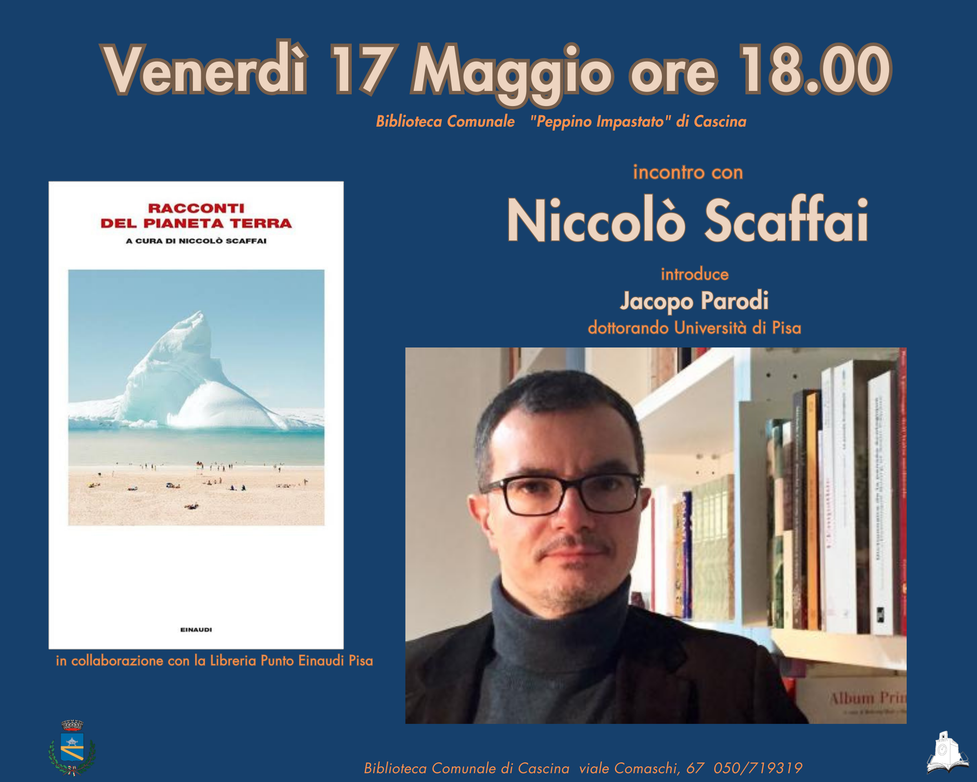 Incontro con il prof. Niccolò Scaffai per la presentazione del suo libro "Racconti della Terra" in collaborazione con la libreria Punto Einaudi Pisa, modera l'incontro Jacopo Parodi, dottorando Università di Pisa
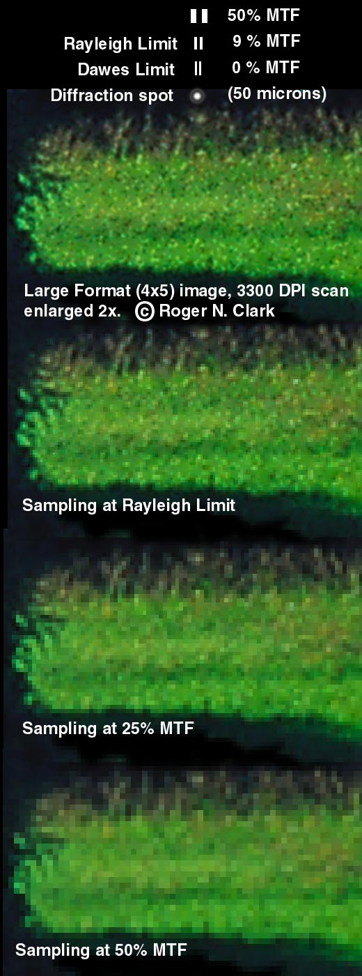 The 3300 dpi scan (top image) is 7.7-micron pixels, or about 3 pixels per cycle at the Dawes limit. The next image is 2 pixels per cycle at the at the Rayleigh limit. There is slight degradation of the image. Sampling less than this rapidly lowers image detail as seen in the bottom two images. The conclusion is 2 to 3 pixels per cycle at the Dawes limit records close to all the detail in the image, but 2 pixels per cycle at the Rayleigh limit is pretty close.
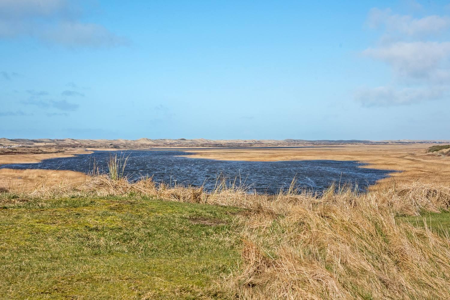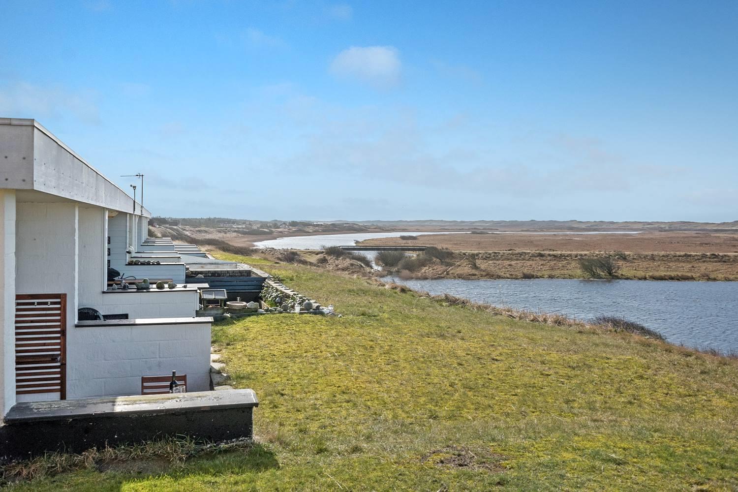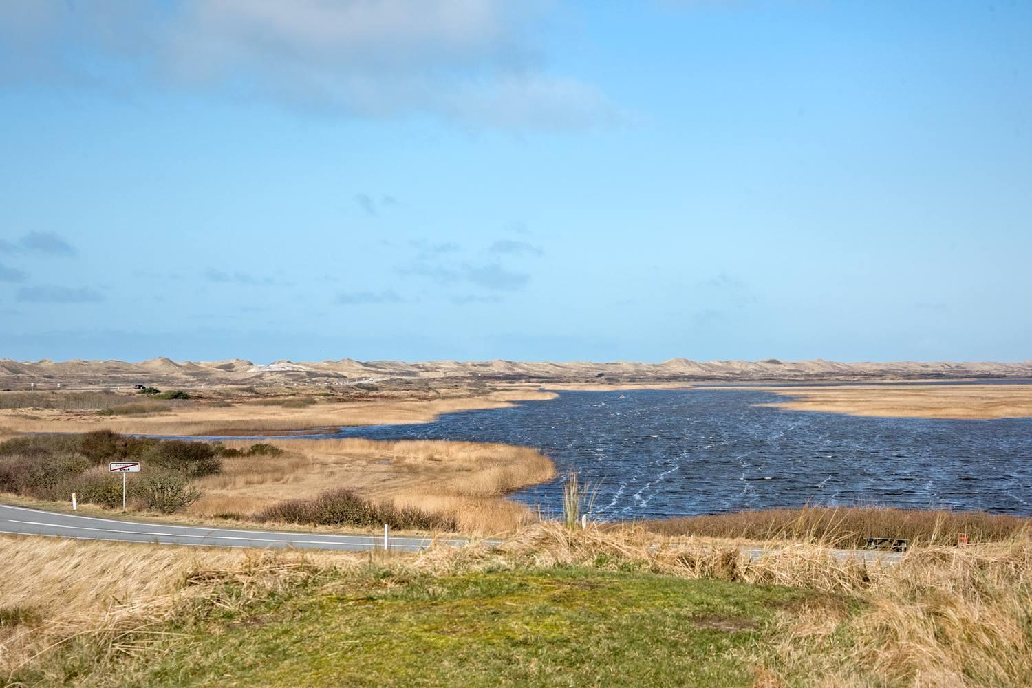 Særligt smukt: Fra jeres terrasse nyder I udsigten over klitterne, det vidtstrakte naturområde i Nymindegab og fjorden. Om morgenen ledsages I kun af fuglesang og vindens blide susen i græsset – en sand velvære for krop og sjæl.
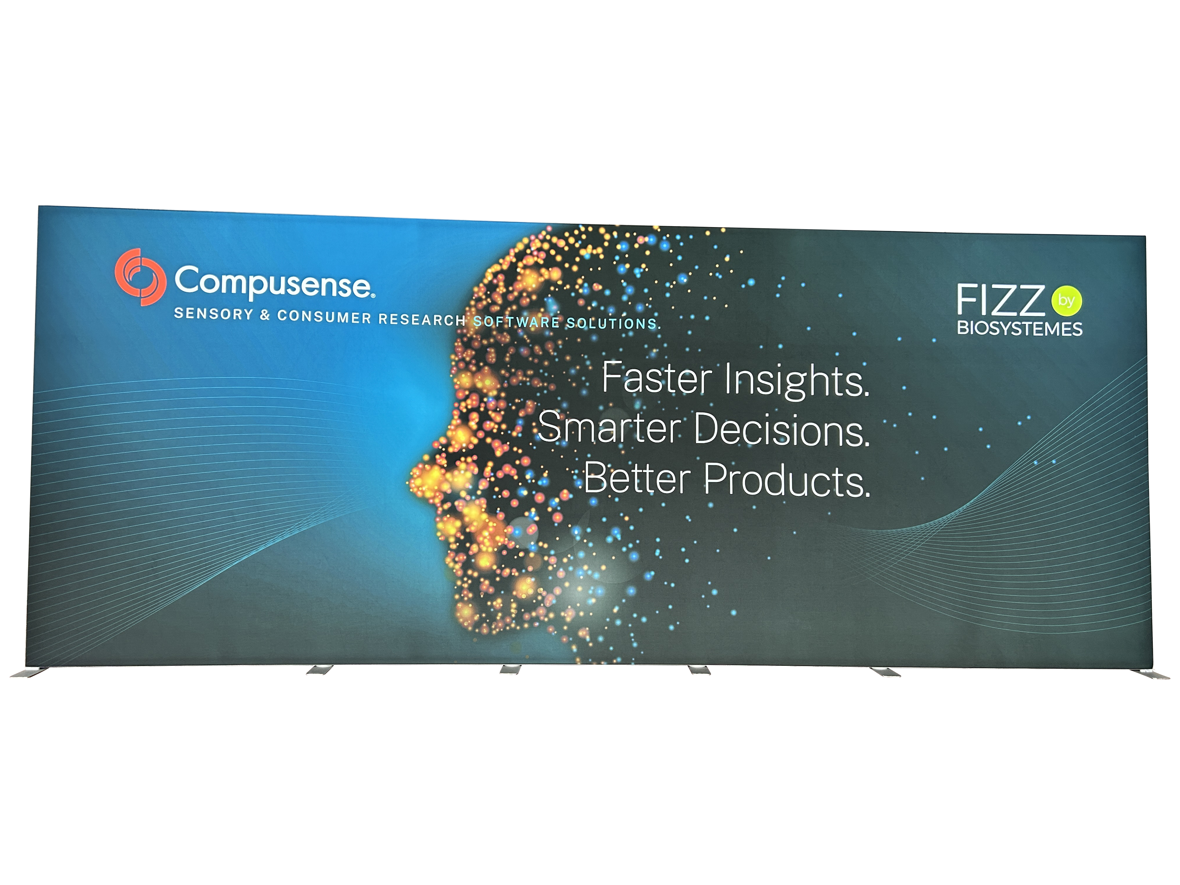 The biggest advantage of SEG frames is that they break down into small sections and feature lightweight, foldable fabric for easy and low cost shipment. Fabric can be quickly swapped out and new prints are available at a low cost compared to traditional sign printing. These SEG displays can be assembled in minutes on location, without any tools or specialized knowledge.
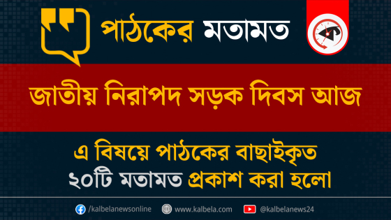 জাতীয় নিরাপদ সড়ক দিবস আজ রোববার (২২ অক্টোবর)। দেশের সড়ক-মহাসড়ক প্রতিনিয়ত তাজা রক্তে লাল হচ্ছে। কিন্তু এ পরিস্থিতি থেকে রেহাই পাওয়ার উপায় কী? কী করে কমবে সড়কে প্রাণহানি?- এ বিষয়ে কালবেলার ফেসবুক পেজে (Kalbela Online) পাঠকের মতামত থেকে বাছাইকৃত মতামত প্রকাশ করা হলো।
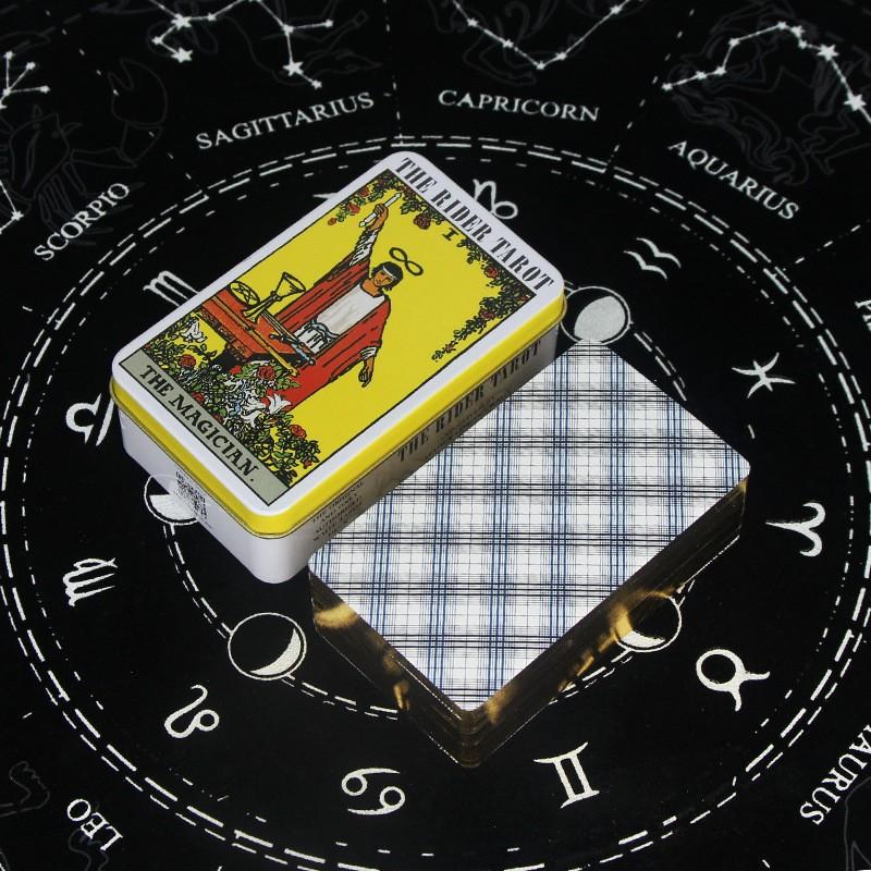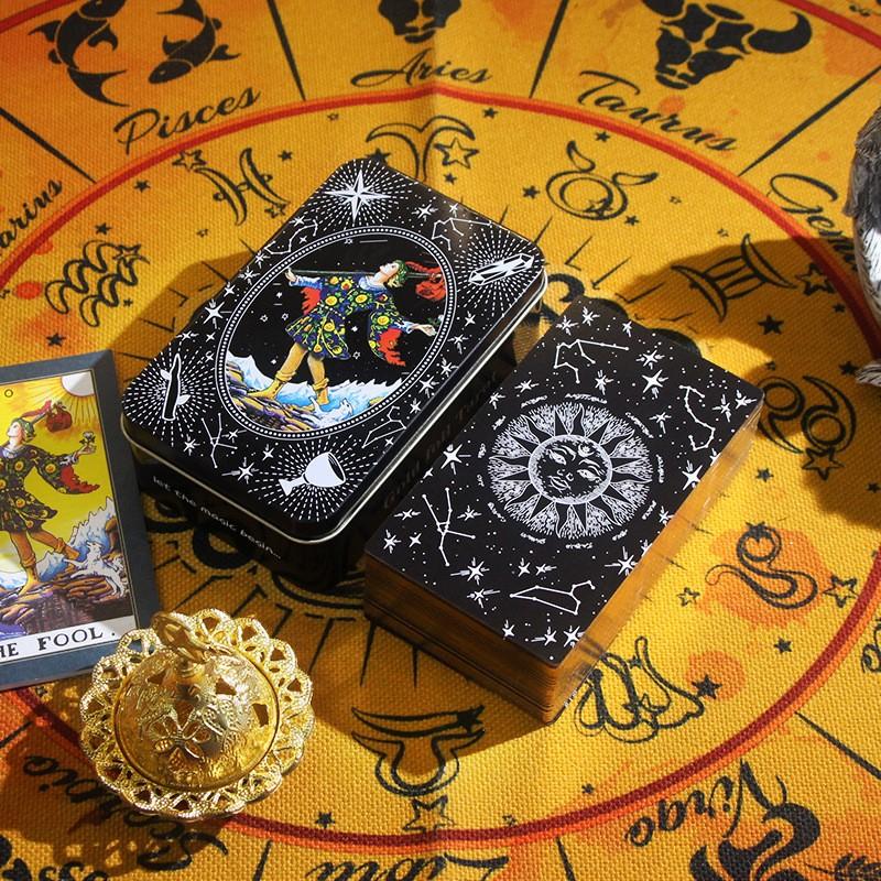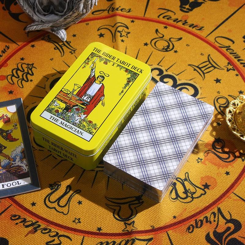 Juego de Cartas de Tarot Clásico Waite Lámina Dorada Edición Completa Caja de Hierro Cartas Impermeables de PVC Juego de Mesa Tarot del Destino en Stock Venta al por Mayor
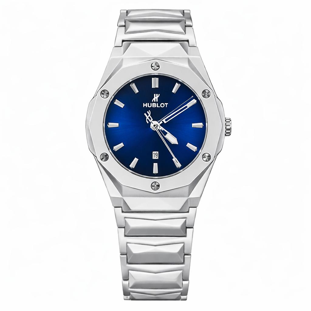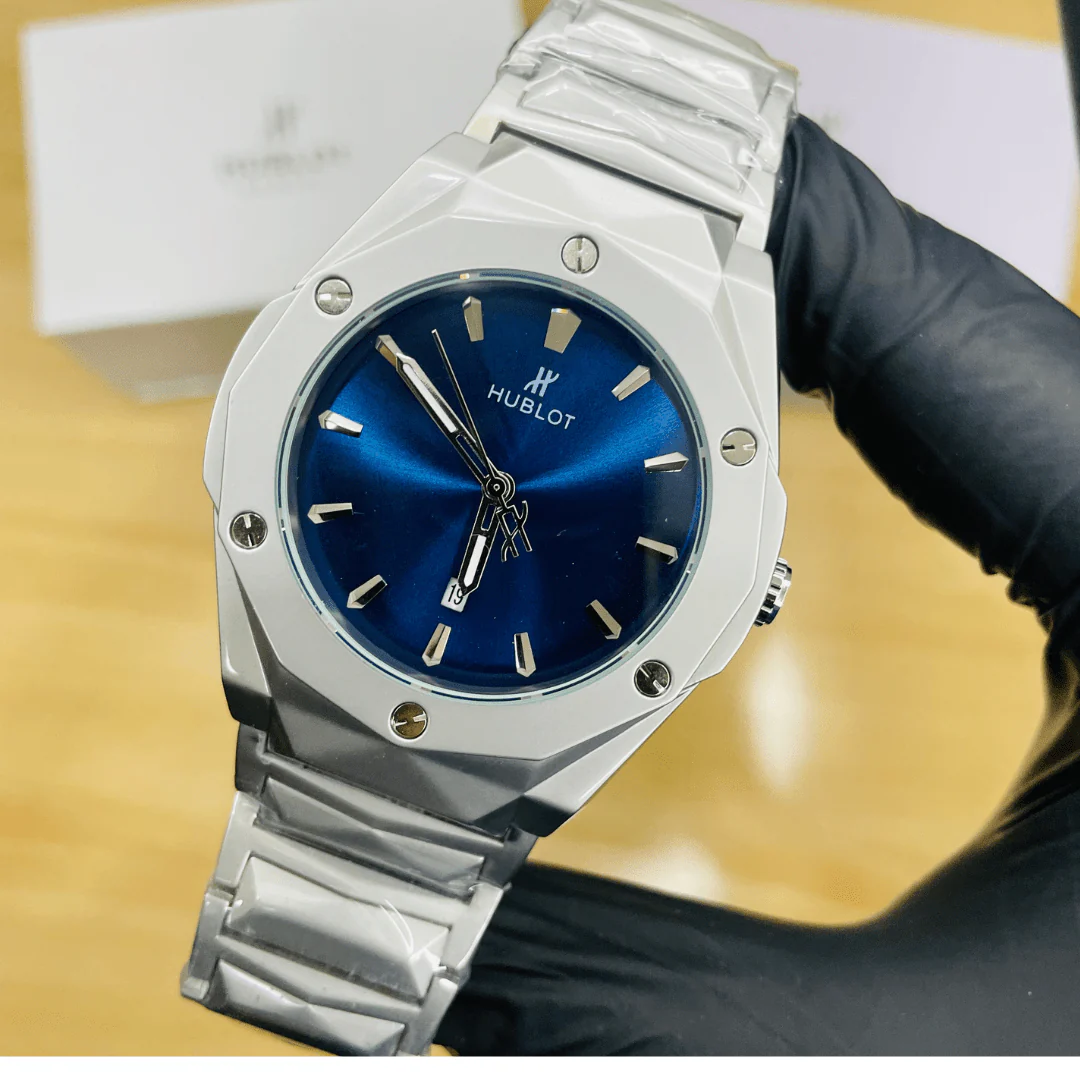 Hublot Premium Watch – Luxury Diamond Cut Chain – Navy Blue Dial
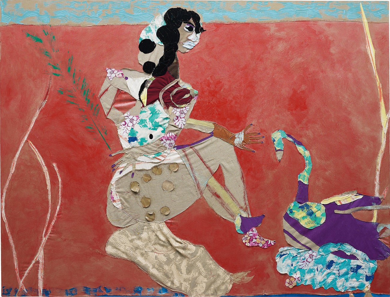 Challenging collective fantasies surrounding the black female body, Tschabalala Self’s artistic practice revolves around the seminal events and scenes that have punctuated history, mythology, and biblical narratives with strong female characters. In Leda, 2015, the artist reimagines the story of the eponymous Aetolian princess who, prior to becoming a Spartan queen, was seduced by Zeus in the guise of a swan. The canvas transforms into a dreamscape of unique visual codes: presenting the iconic scene in various colours, patterns and materials, it portrays the two protagonists in a polyvalent and experimental manner that is typical of Self’s creative process, developed during her MFA at Yale University, 2013-2015. With its multifarious adornments and textures, the composition exudes a tangible energy that matches the narrative content laid atop its surface; blown up to immense dimensions and set against an arresting carmine backdrop, it bears a sense of grandeur that only heightens the scene’s gravitas. First exhibited in the year of its execution at The Cabin in Los Angeles, Leda was subsequently shown at the Museum of Contemporary African Disaporan Arts in New York in 2016.
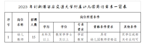 此次招聘幼兒教師15人。具體見《2023年創(chuàng)新港西安交通大學(xué)附屬幼兒園崗位需求一覽表》。
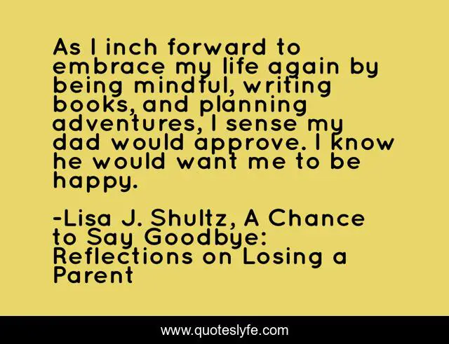 This page presents the quote "As I inch forward to embrace my life again by being mindful, writing books, and planning adventures, I sense my dad would approve. I know he would want me to be happy.". Author of this quote is Lisa J. Shultz, A Chance to Say Goodbye: Reflections on Losing a Parent. This quote is about dad, writing-books, mindful, planning-ahead, embrace-life, happy,.
++++++++++
= The problem =
Transcribe only these lines, exactly: the first line of the listing, every line after it, and the line with "জাতীয় নিরাপদ সড়ক", where the copy ends. Include no picture.

= Answer to this task =
 Incontro con il prof. Niccolò Scaffai per la presentazione del suo libro "Racconti della Terra" in collaborazione con la libreria Punto Einaudi Pisa, modera l'incontro Jacopo Parodi, dottorando Università di Pisa
 The 3300 dpi scan (top image) is 7.7-micron pixels, or about 3 pixels per cycle at the Dawes limit. The next image is 2 pixels per cycle at the at the Rayleigh limit. There is slight degradation of the image. Sampling less than this rapidly lowers image detail as seen in the bottom two images. The conclusion is 2 to 3 pixels per cycle at the Dawes limit records close to all the detail in the image, but 2 pixels per cycle at the Rayleigh limit is pretty close.
 Særligt smukt: Fra jeres terrasse nyder I udsigten over klitterne, det vidtstrakte naturområde i Nymindegab og fjorden. Om morgenen ledsages I kun af fuglesang og vindens blide susen i græsset – en sand velvære for krop og sjæl.
 The biggest advantage of SEG frames is that they break down into small sections and feature lightweight, foldable fabric for easy and low cost shipment. Fabric can be quickly swapped out and new prints are available at a low cost compared to traditional sign printing. These SEG displays can be assembled in minutes on location, without any tools or specialized knowledge.
 জাতীয় নিরাপদ সড়ক দিবস আজ রোববার (২২ অক্টোবর)। দেশের সড়ক-মহাসড়ক প্রতিনিয়ত তাজা রক্তে লাল হচ্ছে। কিন্তু এ পরিস্থিতি থেকে রেহাই পাওয়ার উপায় কী? কী করে কমবে সড়কে প্রাণহানি?- এ বিষয়ে কালবেলার ফেসবুক পেজে (Kalbela Online) পাঠকের মতামত থেকে বাছাইকৃত মতামত প্রকাশ করা হলো।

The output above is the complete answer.